HTTPS POST request Python

46,305

Solution 1

The BadStatusLine: '' (in httplib.py) gives away that there might be something else going on here. This may happen when the server sends no reply back at all, and just closes the connection.

As you mentioned that you're using an SSL connection, this might be particularly interesting to debug (with curl -v URL if you want). If you find out that curl -2 URL (which forces the use of SSLv2) seems to work, while curl -3 URL (SSLv3), doesn't, you may want to take a look at issue #13636 and possibly #11220 on the python bugtracker. Depending on your Python version & a possibly misconfigured webserver, this might be causing a problem: the SSL defaults have changed in v2.7.3.

Solution 2

Is there a reason you've got to use urllib? Requests is simpler, better in almost every way, and abstracts away some of the cruft that makes urllib hard to work with.

As an example, I'd rework you example as something like:

import requests
resp = requests.post(url, data=values, allow_redirects=True)

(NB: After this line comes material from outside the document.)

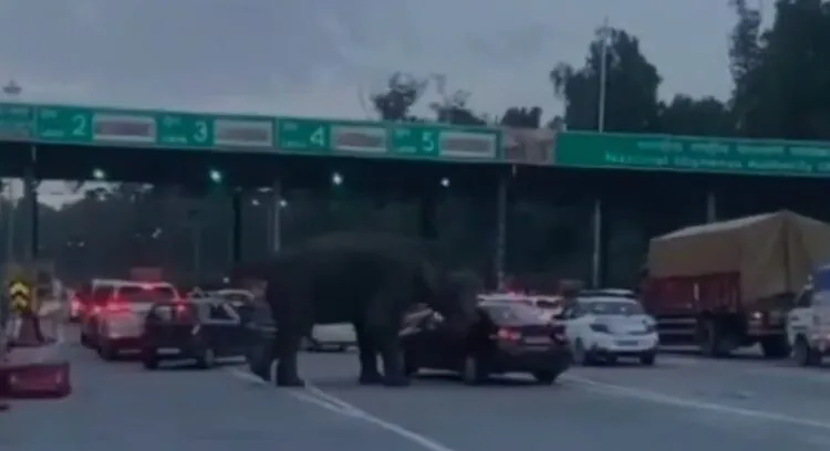 लच्छीवाला टोल प्लाज़ा पर फिर हाथी का आतंक, टोल बैरियर तोड़ा, गाड़ी पलटने की कोशिश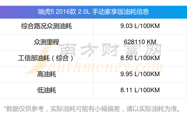 根据车主实测数据,该车型低油耗为8.11升每百公里,高油耗为9.95升每百公里,综合路况众测油耗为9.03升每百公里,工信部综合油耗为8.50升每百公里。

At this point, the response from the server is available in resp.text, and you can do what you'd like with it. If requests wasn't able to POST properly (because you need a custom SSL certificate, for example), it should give you a nice error message that tells you why.

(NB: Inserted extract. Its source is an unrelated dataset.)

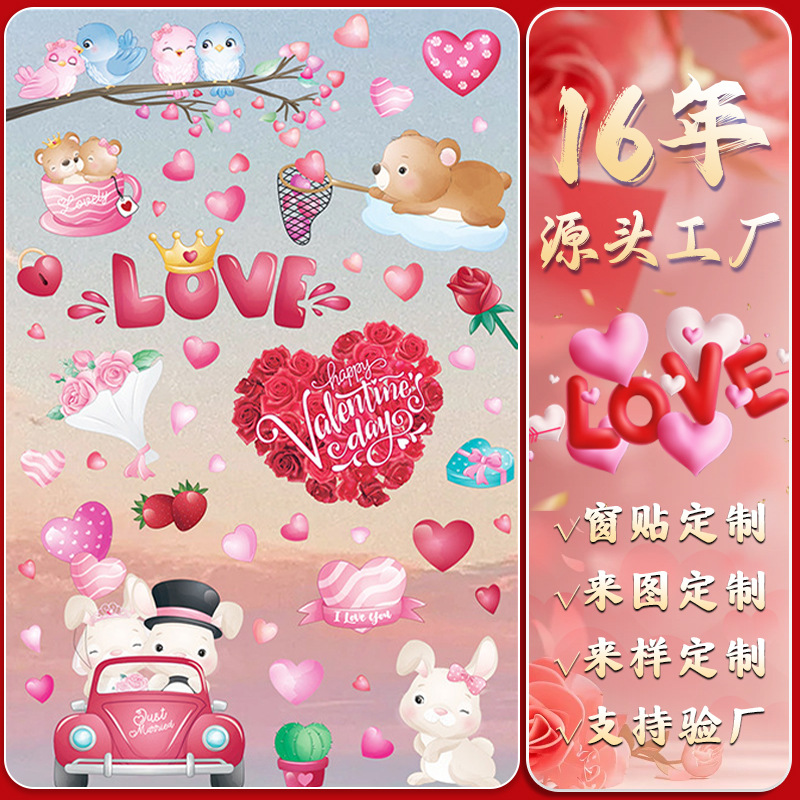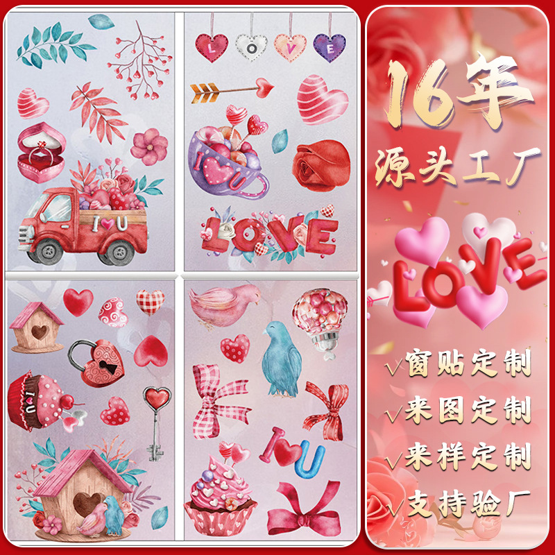 Трансграничные наклейки на стену ко Дню святого Валентина и наклейки на окна по индивидуальному заказу, оптовая продажа электростатических обоев «сделай сам», по индивидуальному заказу с фотографиями и образцами, реклама логотипа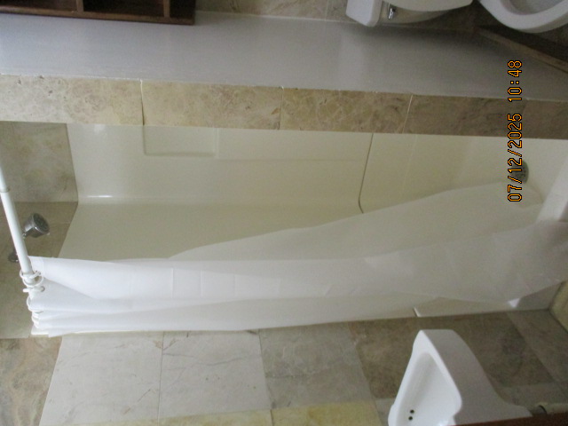 with marble tile walls, commercial bath tub, vanity with marble top,

Even if you can't do this in your production environment, do this in a local shell to see what error messages you get from requests, and use that to debug urllib.

Solution 3

   conn = httplib.HTTPSConnection(host='www.site.com', port=443, cert_file=_certfile)
   params  = urllib.urlencode({'cmd': 'token', 'device_id_st': 'AAAA-BBBB-CCCC',
                                'token_id_st':'DDDD-EEEE_FFFF', 'product_id':'Unit Test',
                                'product_ver':"1.6.3"})
    conn.request("POST", "servlet/datadownload", params)
    content = conn.getresponse().read()
    #print response.status, response.reason
    conn.close()
Share:
46,305
francisMi
Author by

francisMi

Updated on July 12, 2022

Comments

  • francisMi
    francisMi almost 2 years

    I want to make a post request to a HTTPS-site that should respond with a .csv file. I have this Python code:

    url = 'https://www.site.com/servlet/datadownload'
    values = {
      'val1' : '123',
      'val2' : 'abc',
      'val3' : '1b3',
    }
    
    data = urllib.urlencode(values)
    req = urllib2.Request(url,data)
    response = urllib2.urlopen(req)
    myfile = open('file.csv', 'wb')
    shutil.copyfileobj(response.fp, myfile)
    myfile.close()
    

    But 'm getting the error:

    BadStatusLine: ''    (in httplib.py)
    

    I've tried the post request with the Chrome Extension: Advanced REST client (screenshot) and that works fine.

    What could be the problem and how could I solve it? (is it becasue of the HTTPS?)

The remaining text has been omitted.